Writing in the foreword to a new report, The Climate Paradox: Why We Need to Reset Action on Climate Change, from the Tony Blair Institute for Global Change (TBI), the former Labour Prime Minister warned against the ‘alarmist’ tone of the debate on climate change, which he said is ‘riven with irrationality’.
While noting that ‘most people accept that climate change is a reality caused by human activity’, Blair says that people in both developed and developing countries are increasingly disillusioned with current climate strategies and are ‘turning away from the politics of the issue because they believe the proposed solutions are not founded on good policy’.
The TBI report suggests that global climate policy is facing a critical inflection point. Despite increasing awareness and worsening climate impacts, political momentum to tackle emissions is weakening, it warns. For the energy industry, this shift marks a potential reset in how climate objectives are pursued, with calls to prioritise delivery, innovation and international pragmatism.
2023 was the hottest year on record and saw severe weather events worldwide. Yet at the same time, public confidence in climate policy is waning, suggests the report. It says net zero strategies, once framed as engines of green economic growth, are increasingly viewed as expensive, politically contentious and insufficient. In some advanced economies, promised green jobs have not materialised at scale, while energy-intensive sectors report rising costs and reduced competitiveness relative to countries such as China.
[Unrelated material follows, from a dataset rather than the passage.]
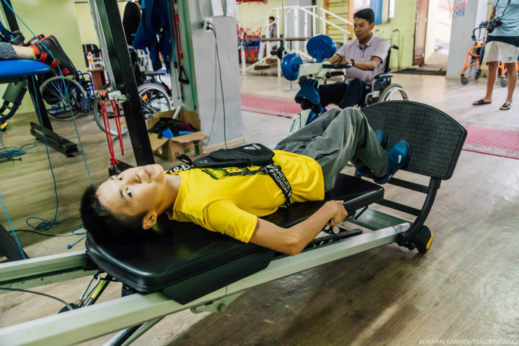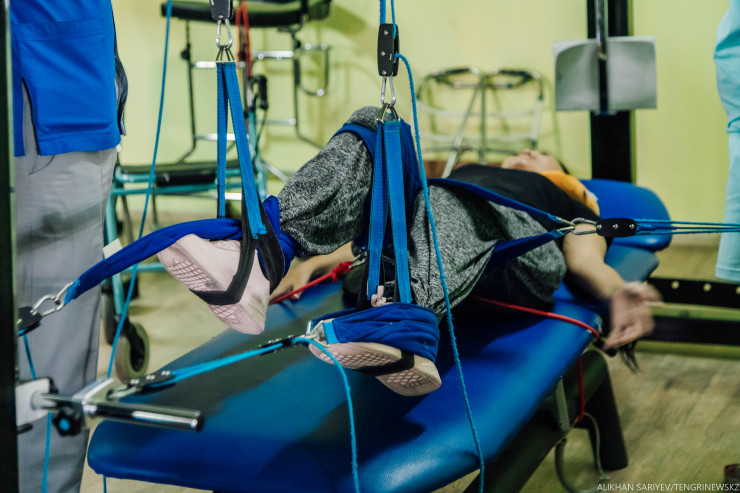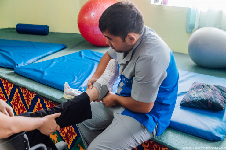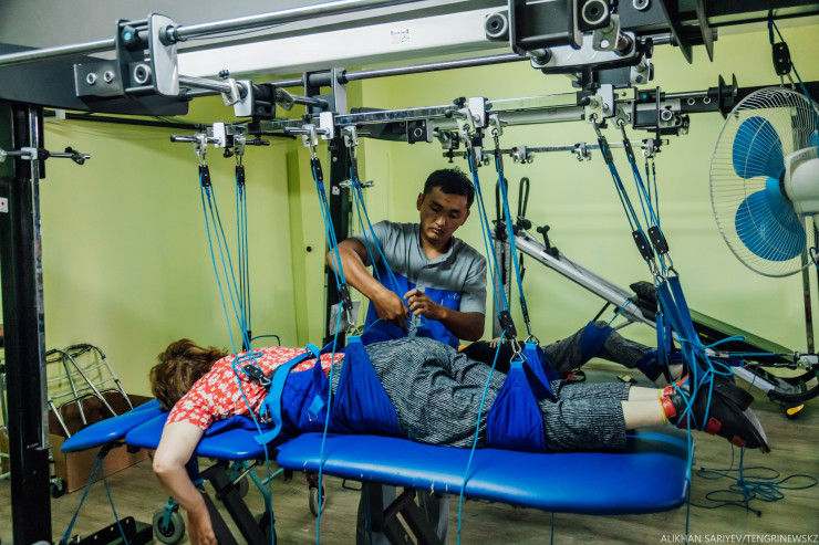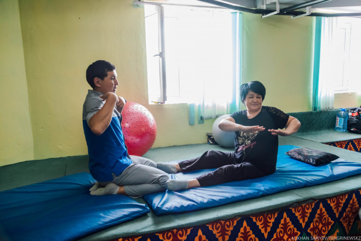"К нам приезжали и лежа, и полулежачие, - рассказывает Елдос. - Поначалу они не могли сидеть, теряли сознание. Постепенно кто-то стал сидеть, кто-то - кушать и одеваться самостоятельно. Те, кто долго занимался реабилитацией, научились стоять, ходить с помощью костылей по дому, в спортзале, отказывались от колясок. Если я вижу, что люди к нам снова приехали, то понимаю, что есть результаты. В основном они приезжают повторно. В любом случае те, кто приезжает, на одну ступень становятся лучше".

In this environment, some governments are retreating from ambitious climate targets, and private-sector commitments are being rolled back, says the TBI. This has contributed to a growing climate paradox: public concern about the climate crisis is higher than ever, but policy ambition is in decline.
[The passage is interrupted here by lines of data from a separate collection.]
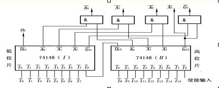 從以上的的功能表中可以得出,74ls148輸入端優先級別的次序依次為I7,I6,…,I0 。當某一輸入端有低電平輸入,且比它優先級別高的輸入端沒有低電平輸入時,輸出端才輸出相應該輸入端的代碼。例如:I5=0且I6=I7=1(I6、I7優先級別高于I5) 則此時輸出代碼010 (為(5)10=(101)2的反碼)這就是優先編碼器的工作原理。
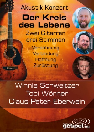 In einem abwechslungsreichen Programm, wollen sie mit Ihren Liedern und Texten die Gäste in Ihrer Lebensrealität abholen, mit der Vergangenheit versöhnen, mit der Gegenwart verbinden und mit Hoffnung für alles Zukünftige ausrüsten. Bekannte Lieder wie „Du tust“, „Befreit durch Deine Gnade“ oder „Für Immer“ die zum Mitsingen einladen, wechseln sich mit neuen unbekannteren Vortragsliedern ab. Verbunden durch gelesene Texte von Tobi Wörner, bildet sich so den Abend über der Kreislauf des Lebens, in dem wir immer und zu jeder Zeit in das Beziehungsgeschehen Gottes eingebunden sind.
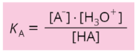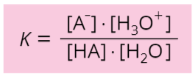 Většinou však pracujeme s vodnými roztoky, kde je voda oproti kyselině ve velkém nadbytku a její koncentrace se prakticky nemění. Můžeme tedy celou rovnici vynásobit \left[\mathrm{H}_{2} \mathrm{O}\right] a tím ji zahrnout do konstanty, čímž dostaneme novou konstantu - disociační konstantu kyseliny K_{\mathrm{A}}.
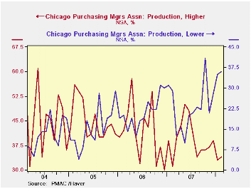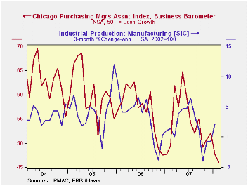 During the last ten years there has been a 66% correlation between the index and the three-month change in US factory sector industrial production. There has been an 85% correlation between the Chicago figure and the national ISM index (due for release on Monday) and that is the highest correlation of all the regional series with the Nat'l index.

The solution, according to the TBI, is not to abandon net zero goals but to reframe the approach. The focus must shift from idealism to implementation, delivering tangible outcomes through disruptive technologies, smarter policy design and targeted global cooperation.
Key report recommendations include the rapid deployment of carbon capture technology and scaling of nature-based solutions; greater use of artificial intelligence to optimise energy systems, improve efficiency, and reduce costs across grids and supply chains; and the integration of small modular nuclear reactors into nation’s energy policies.
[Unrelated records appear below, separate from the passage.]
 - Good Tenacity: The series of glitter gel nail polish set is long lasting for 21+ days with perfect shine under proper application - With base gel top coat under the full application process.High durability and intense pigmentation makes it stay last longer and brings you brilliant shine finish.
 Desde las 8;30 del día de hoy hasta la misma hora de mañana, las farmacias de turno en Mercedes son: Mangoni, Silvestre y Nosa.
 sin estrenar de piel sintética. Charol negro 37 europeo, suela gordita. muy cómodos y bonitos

The report also calls for a greater focus on climate change adaptation measures, from resilient urban infrastructure to flood defences and climate-ready energy systems.
It also critiques the pace of current multilateral climate mechanisms, urging more agile, plurilateral agreements, particularly involving key emitters such as China and India. Finance, including climate-risk pricing, green bonds and philanthropy, must also be channelled more effectively to de-risk innovation and scale impactful technologies, it suggests.
Without a reset in both strategy and climate politics, the report warns that the world risks missing its climate goals.
Strong reactions
Blair’s comments were quickly seized upon by opposition parties as an attack on Prime Minister Keir Starmer’s plan to achieve net zero carbon emissions in the UK by 2050. Both the Conservatives and Reform UK argue that the UK’s net zero by 2050 target is unachievable and damaging to the country’s economy. However, the BBC reported that Downing Street said it would not be changing course, with Labour ministers insisting the drive to net zero would not involve any financial sacrifices and have minimal impact on people’s lives.
Meanwhile, Nicholas Stern, author of the Stern Review on Climate Change (commissioned by the Labour government in 2006) and Chair of the Grantham Research Institute on Climate Change and the Environment at the London School of Economics and Political Science, called the report ‘muddled and misleading’. He said: ‘There is far more progress being made around the world to decarbonise the global economy than it suggests. For instance, China is the world’s leading producer and domestic deployer of renewables and electric vehicles. Its power generating capacity from renewables has now exceeded that of fossil fuels and its emissions are likely to peak in the next two years.’
Stern continued: ‘The UK’s leadership on climate change, particularly the elimination of coal from its power sector, is providing an influential example to other countries. So, too, its climate change legislation and its Climate Change Committee. If the UK wobbles on its route to net zero, other countries may become less committed. The UK matters.’
He added: ‘The report downplays the science in its absence of a sense of urgency and the lack of appreciation of the need for the world to achieve net zero as soon as possible, in order to manage the growth in climate change impacts that are already hurting households and businesses across the world and in the UK. Delay is dangerous.’